W1 : Tensor α (Shape.dim embedDim (Shape.dim hiddenDim Shape.scalar))
First linear layer weights (embedDim -> hiddenDim).
W2 : Tensor α (Shape.dim hiddenDim (Shape.dim embedDim Shape.scalar))
Second linear layer weights (hiddenDim -> embedDim).
b1 : Tensor α (Shape.dim hiddenDim Shape.scalar)
First layer bias (length hiddenDim).
b2 : Tensor α (Shape.dim embedDim Shape.scalar)
Second layer bias (length embedDim).

Instances For

def Spec.FeedForward.forward {α : Type} [Context α] [DecidableRel fun (x1 x2 : α) => x1 > x2] {embedDim hiddenDim seqLen : ℕ} (ffn : FeedForward embedDim hiddenDim α) (x : Tensor α (Shape.dim seqLen (Shape.dim embedDim Shape.scalar))) :

Tensor α (Shape.dim seqLen (Shape.dim embedDim Shape.scalar))

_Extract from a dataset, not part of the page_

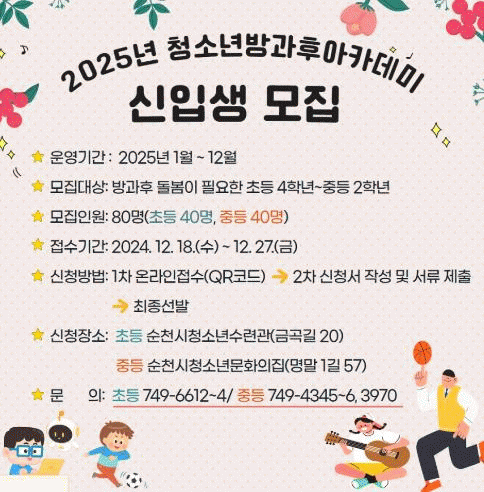 청소년방과후아카데미는 여성가족부와 순천시가 지원하는 국가정책사업으로 방과 후 돌봄이 필요한 청소년들에게 학습 지원, 체험 활동, 자기 개발 활동, 생활관리, 특성화 프로그램 등 종합 서비스를 제공하는 프로그램이다.

Forward pass for FeedForward.

Shape convention: inputs and outputs are (seqLen × embedDim); the feedforward operates independently on each sequence position.

Instances For

structure Spec.TransformerEncoderLayer (headCount embedDim hiddenDim : ℕ) (α : Type) [Context α] [DecidableRel fun (x1 x2 : α) => x1 > x2] :

Transformer encoder layer (post-norm).

This follows the common "Add & Norm" structure:

Self-attention, residual add, LayerNorm
Feedforward, residual add, LayerNorm

PyTorch analogue: torch.nn.TransformerEncoderLayer with norm_first=False (post-norm), ignoring dropout and other configuration knobs.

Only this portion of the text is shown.